= The input =
══════════════════════════════

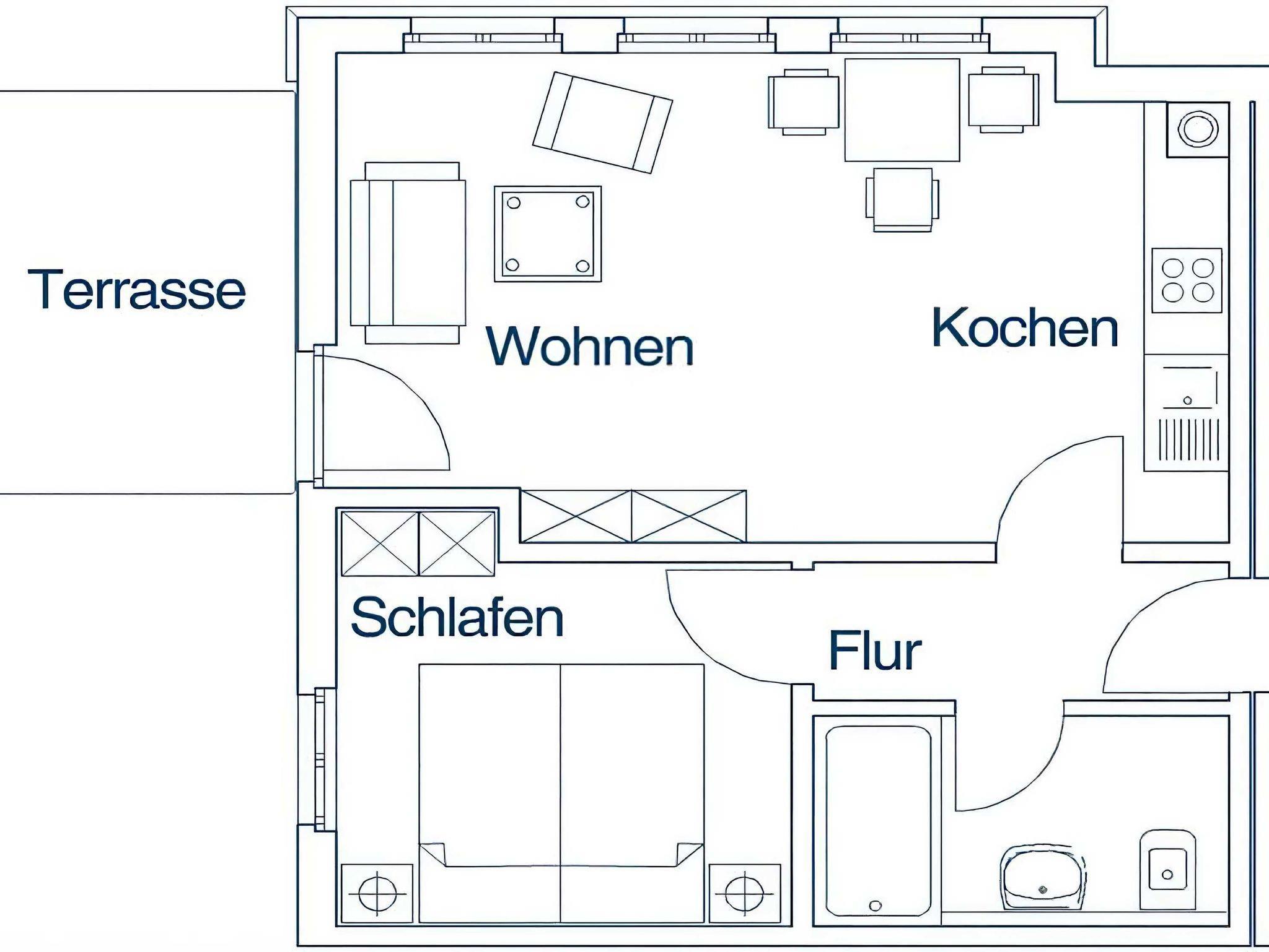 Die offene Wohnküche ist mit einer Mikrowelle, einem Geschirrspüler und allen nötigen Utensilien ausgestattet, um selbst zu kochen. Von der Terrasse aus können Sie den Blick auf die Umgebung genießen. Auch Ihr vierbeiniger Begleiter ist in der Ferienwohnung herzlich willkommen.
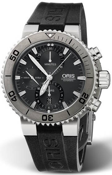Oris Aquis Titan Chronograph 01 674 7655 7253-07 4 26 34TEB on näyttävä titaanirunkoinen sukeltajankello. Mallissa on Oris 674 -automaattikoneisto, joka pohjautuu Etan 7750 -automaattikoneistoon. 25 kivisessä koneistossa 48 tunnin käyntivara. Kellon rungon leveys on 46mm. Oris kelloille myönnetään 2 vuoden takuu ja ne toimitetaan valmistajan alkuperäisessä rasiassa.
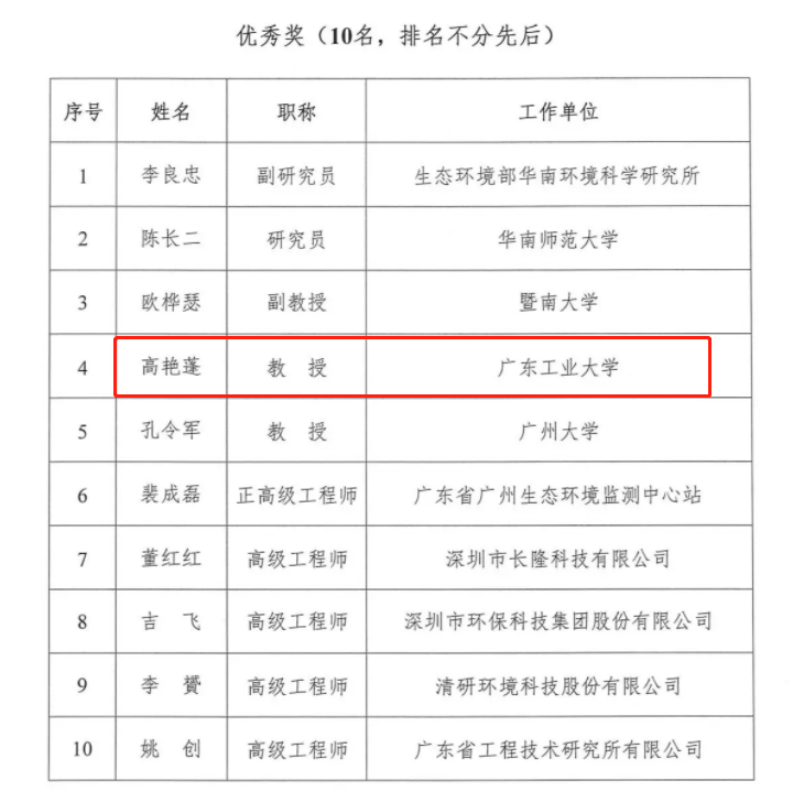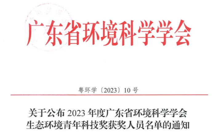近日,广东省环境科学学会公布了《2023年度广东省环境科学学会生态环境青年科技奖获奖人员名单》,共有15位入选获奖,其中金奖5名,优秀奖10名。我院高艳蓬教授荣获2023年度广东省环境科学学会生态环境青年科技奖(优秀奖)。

══════════════════════════════

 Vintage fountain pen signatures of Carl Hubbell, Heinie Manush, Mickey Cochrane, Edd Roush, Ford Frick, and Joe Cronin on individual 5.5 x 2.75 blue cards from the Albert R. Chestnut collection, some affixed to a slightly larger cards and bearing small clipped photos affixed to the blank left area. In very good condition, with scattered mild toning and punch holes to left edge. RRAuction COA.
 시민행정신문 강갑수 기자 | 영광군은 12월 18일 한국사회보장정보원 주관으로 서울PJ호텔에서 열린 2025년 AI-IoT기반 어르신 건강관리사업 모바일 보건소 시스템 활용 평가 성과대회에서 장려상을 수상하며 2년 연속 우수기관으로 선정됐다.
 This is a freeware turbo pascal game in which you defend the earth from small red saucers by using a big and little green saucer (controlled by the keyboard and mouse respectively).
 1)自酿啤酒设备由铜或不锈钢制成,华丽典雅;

══════════════════════════════

= Task prompt =
Wherever the line holding "This is a freeware" falls in the entries above, copy exactly from it through the line holding "1)自酿啤酒设备由铜或不锈钢制成,华丽典雅;", inclusive, and add nothing.

= Exercise output =
 This is a freeware turbo pascal game in which you defend the earth from small red saucers by using a big and little green saucer (controlled by the keyboard and mouse respectively).
 1)自酿啤酒设备由铜或不锈钢制成,华丽典雅;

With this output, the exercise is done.